Buying a property in Thailand needn’t be complicated, but the process and the legal setup are different to the way property is bought and sold in Europe.
The main difference is that under Thai law foreigners cannot own land in Thailand. For foreigners, there is no such thing as owning freehold property and there is no easy way to claim Thai nationality. The consumer demand for a Thailand property has meant that two ways to legitimately own property in Thailand have become the de facto way to buy:
- Create a company to buy property – the lawyer can set up a local Thai based company and use this company to buy the property. When you sell the property you sell the company which owns the property. Setting up the company costs around £1000.
- Create a leasehold agreement – the lawyer will set up a leasehold agreement for 90 years.

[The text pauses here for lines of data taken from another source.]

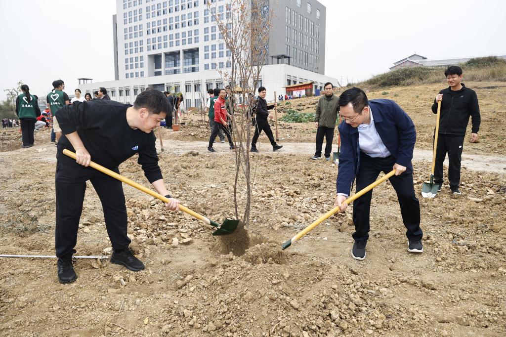 3月12日上午,beat365组织开展主题为“同心共植团结林 润心耕耘幸福园”的植树活动。图为党委书记李雪斌和校长黄龙坚共植石榴树。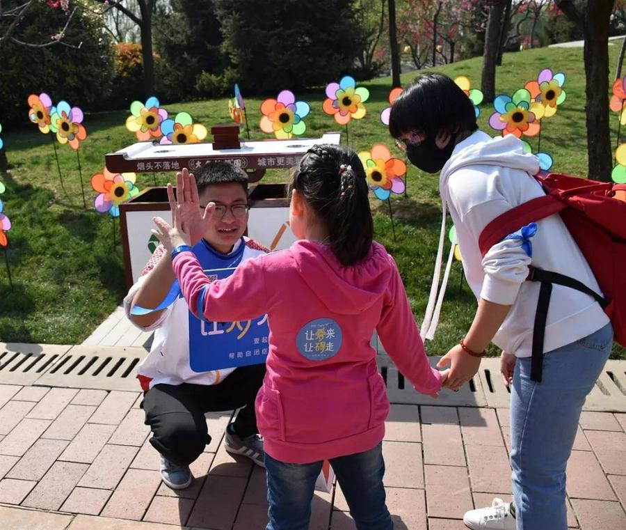 融合击掌环节,志愿者、游客与自闭症儿童及家长击掌,为他们系上了象征友好和接纳的蓝丝带。通过肢体和语言上的沟通,自闭症儿童与普通人之间,心与心的距离拉近了。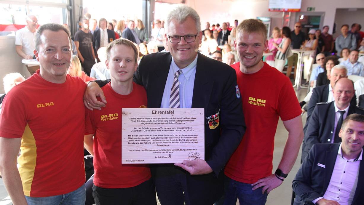 Als Auszeichnung für sein unermüdliches Engagement erhielt Dirk Kleeschulte (3. v. r.) von seinen Mitstreitern (v. l.) Andreas Schwarz, Josef Wellen und Finn Kleeschulte eine Ehrentafel, die ans Gebäude angebracht wird. | © Johannes Büttner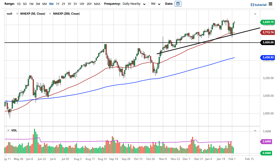 To the upside, if we can break above the 3860 handle, it is likely that we will see the market reaching towards the 3900 level, possibly even the 4000 level. The 4000 level has been my target for some time, and I do think that eventually we will get there. This means that we will probably have a lot of fluctuation on the way up, as long as we can stay above that uptrend line. Even if we break below the uptrend line, then I believe that the 3600 will offer support as well. I do not have any interest in shorting this market, because everybody knows that the S&P 500 is really just seven stocks pushing it more than anything else. We have plenty of liquidity out there to continue to push money into the same handful of stocks, and we have the “groupthink” on Wall Street that continues to throw money in the same companies. The market is likely to continue to see a “buy on the dips” scenario, as there continue to be massive amounts of liquidity thrown out there that Wall Street is trying to absorb by purchasing assets such as stocks. In general, I have no interest in shorting this market, and I believe that no matter what happens next, we will eventually find our way towards the 4000 level. Dips continue to present value from a longer-term standpoint, and therefore we will continue to see more of the same behavior.

Initially, the maximum you can set up the agreement for is 30 years, but this is automatically extendable up to 90 years.
Normally, people buying in Thailand are cash buyers because it is impossible to obtain a mortgage in Thailand unless you are a Thai citizen or are married to a Thai national. If you need finance you will need to organise the finance in your home country and bring the money to Thailand. Some property developments offer schemes where you can defer payments for a fee, but ultimately you will need to bring finance into Thailand. Typically a deferred payment scheme requires half the cost of the property upfront and then the balance cleared over the next 5 years.